2. The method of claim 1, prior to step (1), further comprising:

generating the first image pyramid of the first image; and

generating the second image pyramid of the second image.

3. The method of claim 1, prior to step (1), further comprising determining the motion field from the first level image of the first image pyramid and the corresponding first level image of the second image pyramid.

4. The method of claim 1, wherein said generating a first image pyramid and said generating a second image pyramid comprises generating a first Laplacian pyramid of the first image and generating a second Laplacian pyramid of the second image.

5. The method of claim 2, wherein said determining a motion field and said determining a residual motion field comprises applying a Horn and Schunck motion estimation algorithm.

6. The method of claim 1, further comprising:

(4)(d) if the second residual motion field is less than the threshold, generating an intermediate image between the first and the second image from the motion field.

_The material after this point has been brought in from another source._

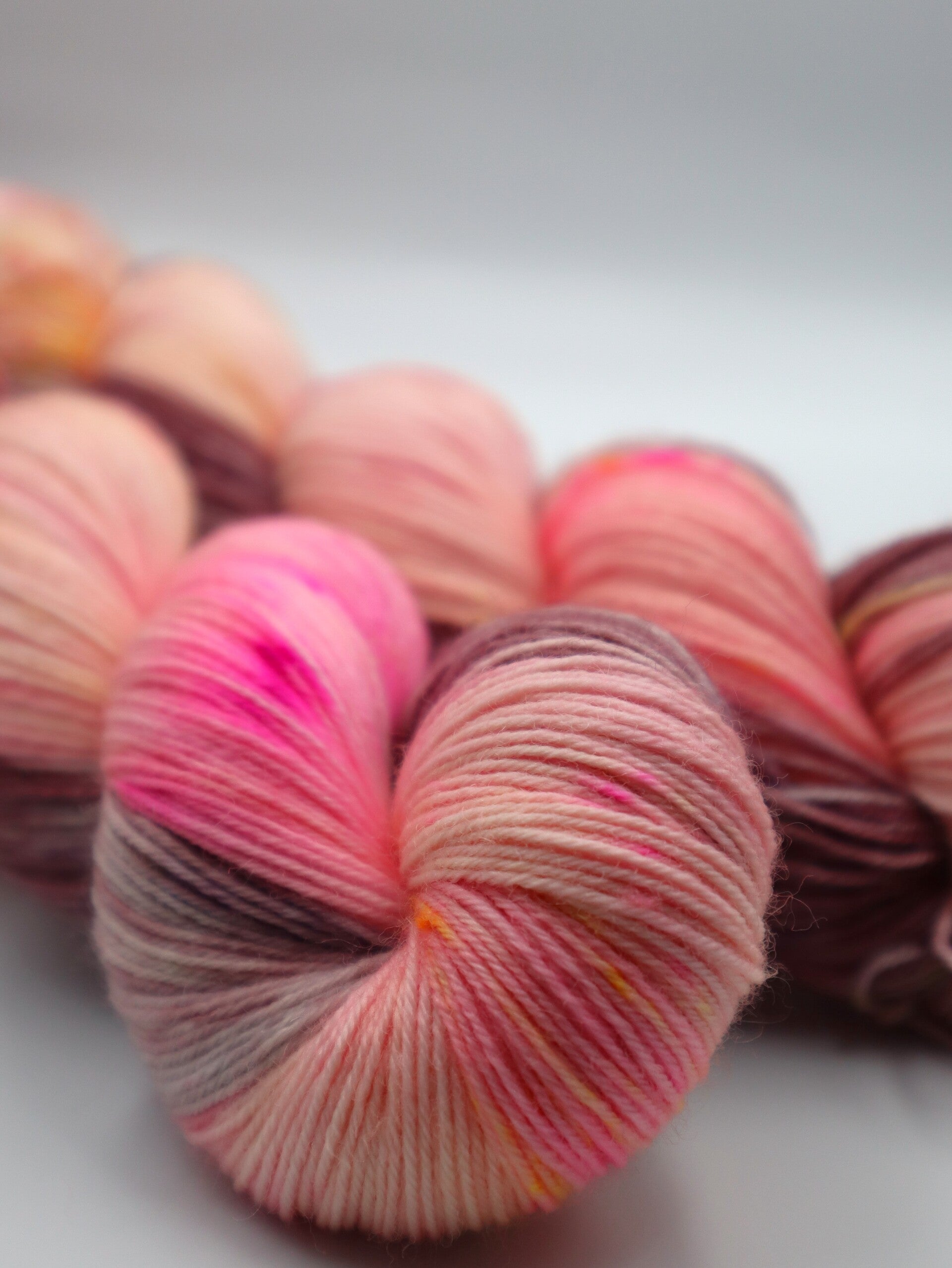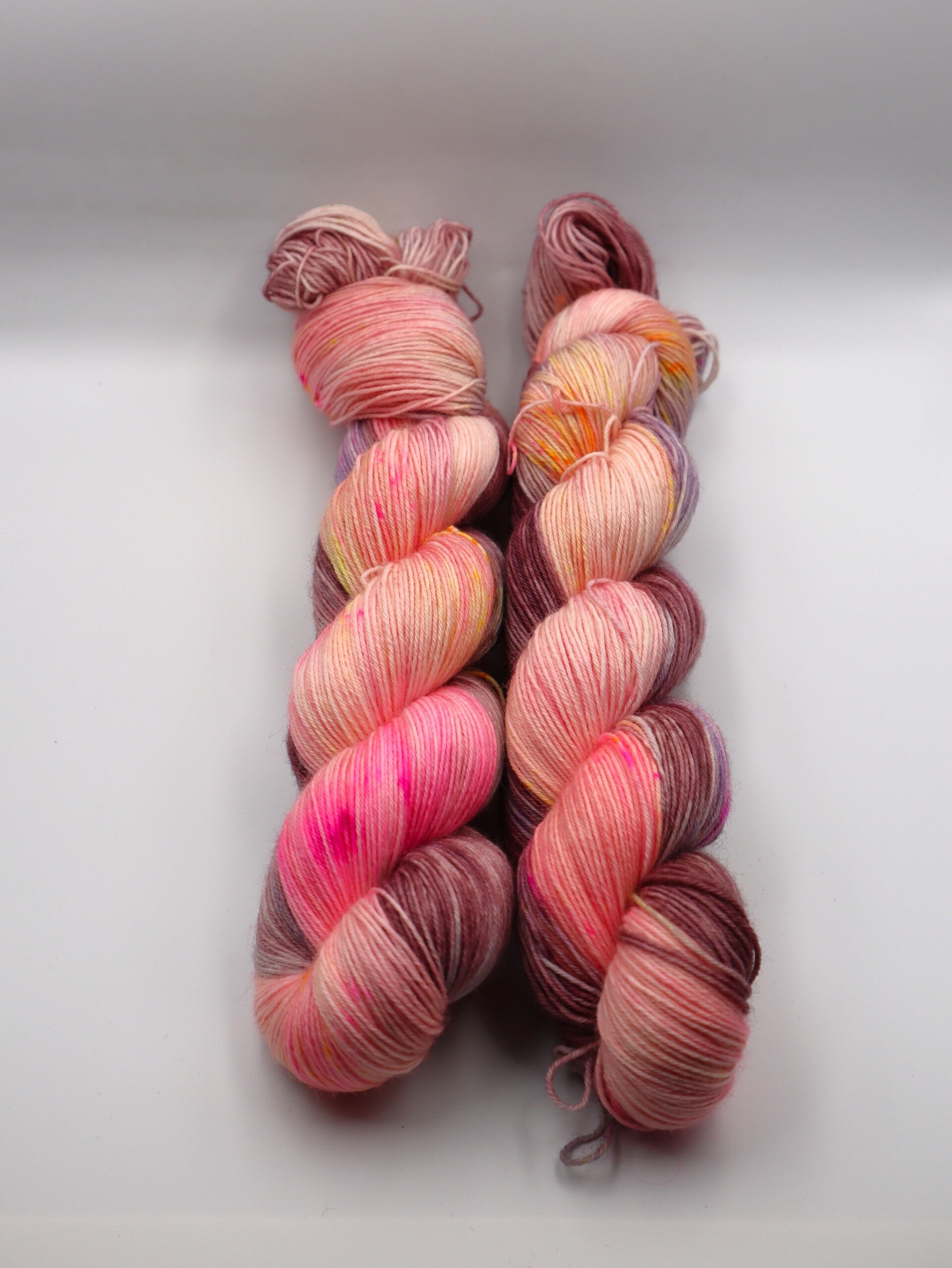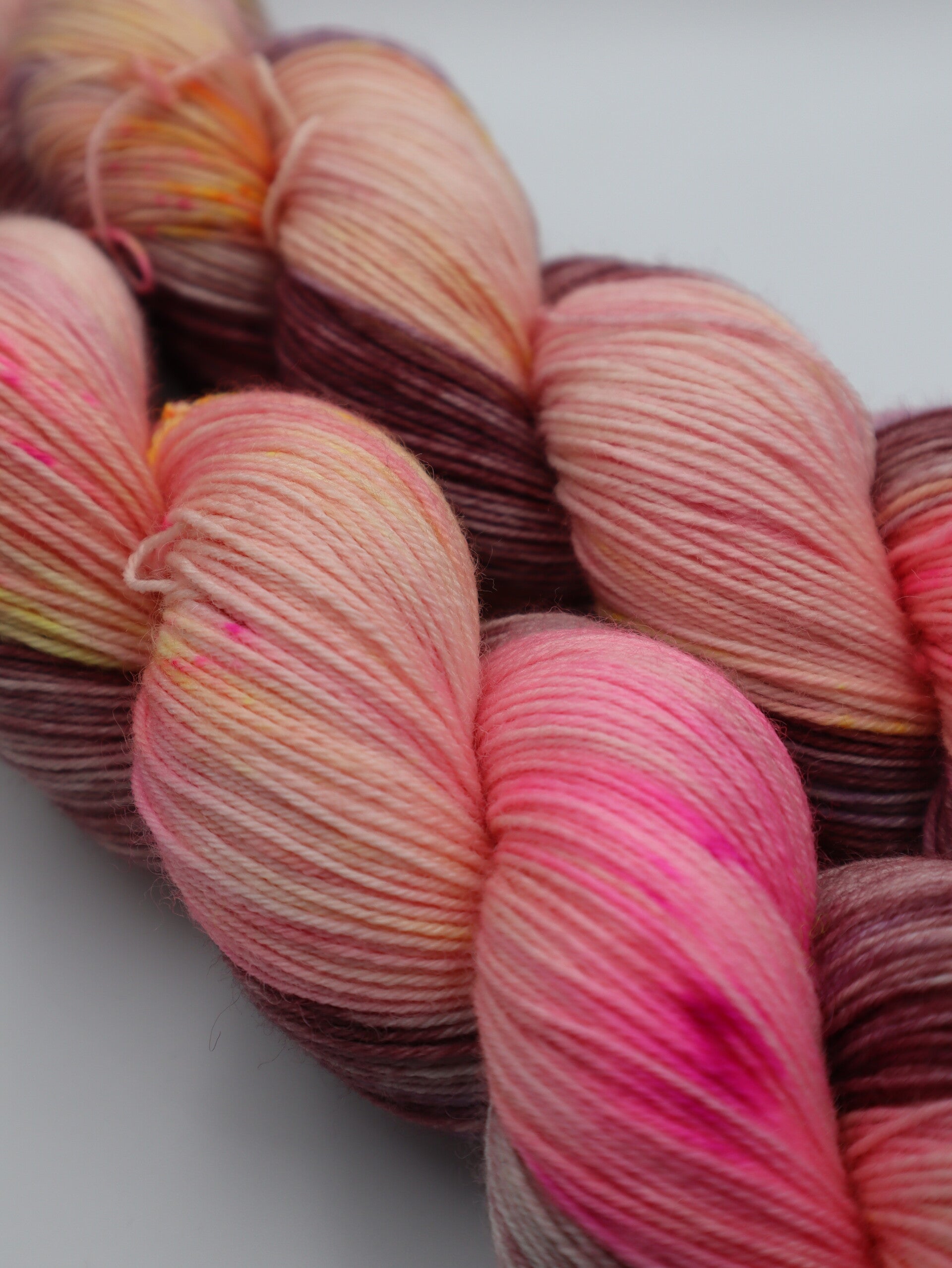 'Een vrolijke streng met een baby pink en mauve-paars basis en spikkels fel roze en geel '.

7. The method of claim 6, wherein said generating an intermediate image comprises:

determining a pair of corresponding points in the first and the second image from a motion vector in the motion field;

determining a value of a corresponding point in the intermediate image from the values of the pair of corresponding points;

determining a position of the corresponding point in the intermediate image from the motion vector; and

repeating said determining a pair of corresponding points, said determining a value of a corresponding point, and said determining a position of the corresponding point for remainder of motion vectors in the motion field.

8. A method, comprising:

(1) generating a first image pyramid of a first image;

(2) generating a second image pyramid of a second image;

(3) determining a motion field from a first level image of the first image pyramid and a corresponding first level image of the second image pyramid.

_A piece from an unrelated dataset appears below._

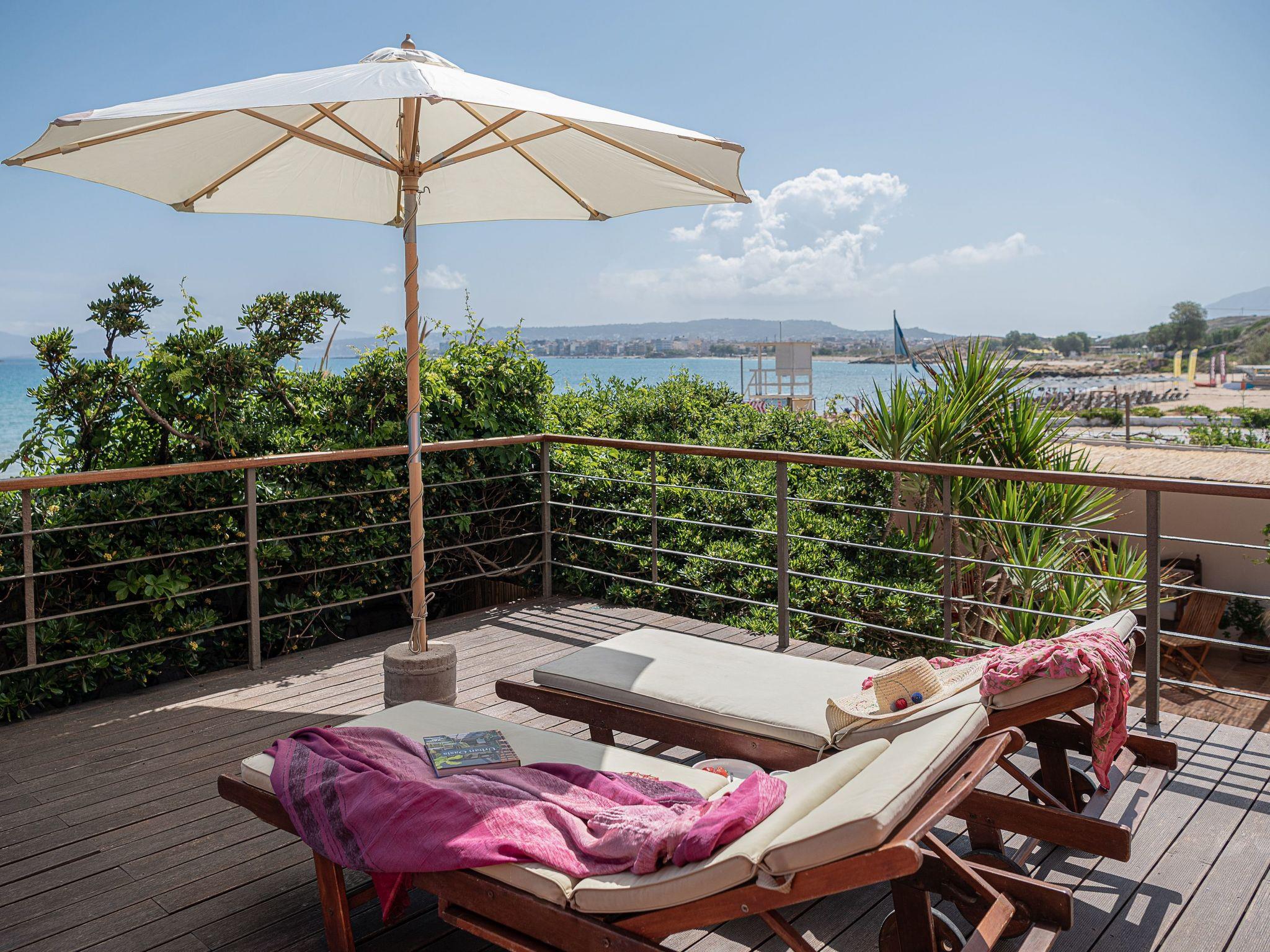 “The House by the Sea” - a stylish and relaxed family-friendly beach house near Chania in Crete, in a lovely position, situated behind the middle of Chrissi Akti Beach, only a few steps away from the sand..Designed to provide the ultimate in convenience and privacy, for a unique stay, this summer getaway is the perfect place for guests to escape the hustle and bustle of everyday life in a unique holiday ambience.From most of the spacious rooms the panoramic views across the Mediterranean sea, to the small island of Lazaretta and the town of Chania, is breathtaking. The traditional main building, is strategically located area, just in the front of the sandy beach and has been carefully renovated to preserve its character.There are two apartments with a shared courtyard and garden and rented together.The whole villa can be booked only by one guest, one family, or two friend-families or relatives, but only by one booking.Both apartments are furnished and decorated with romantic style. The prospect of a totally relaxing holiday in Crete close to nature is completed by the beach, patio and garden. Scheduled flights to Athens arrive daily from just about everywhere. You can then either fly on to Crete or take the overnight ferry. Aegean Air is generally a bit cheaper than Olympic for the domestic hop Athens-Chania, and you can book online.We can arrange for a taxi or hire car to meet you at Chania airport or Souda ferry port.Chania airport is about 30 minutes drive from Chrissi Akti Ferries:If you fly to Athens airport there is a bus to Piraeus (the port of Athens) which takes about an hour, or you can take a taxi. Make sure your flight arrives in time to get to the port.The ANEK line ferries usually leave Piraeus at 21.00 and arrive at Souda (The port for Chania) at 05.30 am the next day. The return ferry leaves Souda at 21.00 and arrives at Piraeus at 05.30.They are very comfortable and you can book a cabin.Souda is about 10 minutes' drive from Chrissi Akti.Walking from the house to Chania town:Continue along the beach of Chrissi Akti, through Aptera beach, continue along the beach of Nea Chora and arrive at the Firkas Fort in the Old TownIt is a very nice bike ride.Finding us by busBuses start at “Nea Katastimata” square, and it is about 10 minutes' ride to the house.The bus stop in Chrissi Akti is 50m from the house (Chrissi Akti station)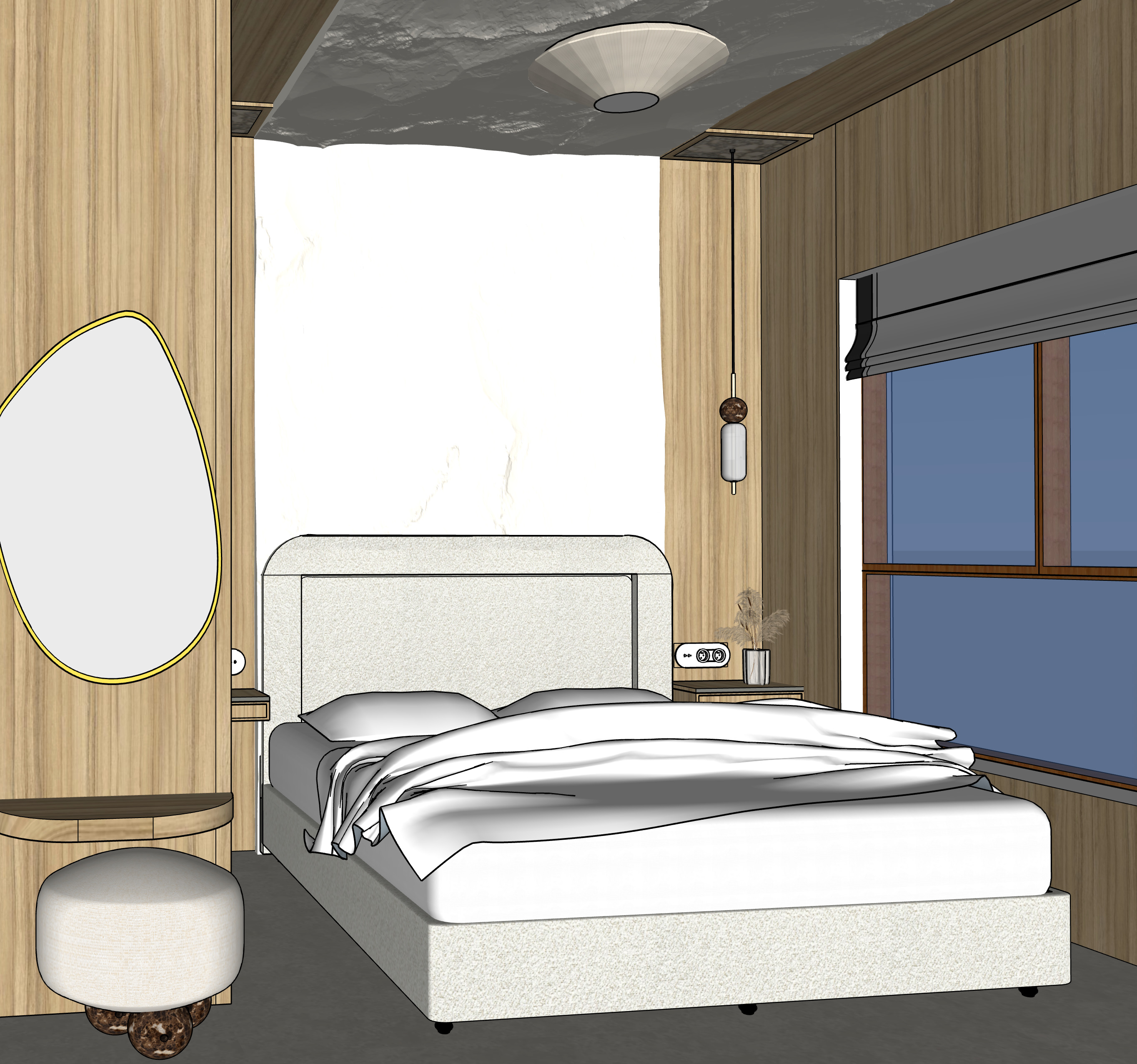 make pendant lights glow warm light and make mirror yellow frame glow natural light wall and celling is a slate travertine texture change celling lamp into a fabric one with soft light

(4) warping the first level image of the first image pyramid with the motion field;

(5) determining a first residual motion field from the warped first level image of the first image pyramid and the corresponding first level image of the second image pyramid;

(6) if the first residual motion field is not less than a threshold, adding the residual motion field to the motion field and repeating steps (4) and (5);

(7) if the first residual motion field is less than a threshold: (a) warping a second level image of the first image pyramid with the motion field; (b) determining a second residual motion field from the warped second level image of the first image pyramid and a corresponding second level image of the second image pyramid; and (c) if the second residual motion field is not less than a threshold, adding the second residual motion to the motion field and repeating steps (7)(a) and (7)(b).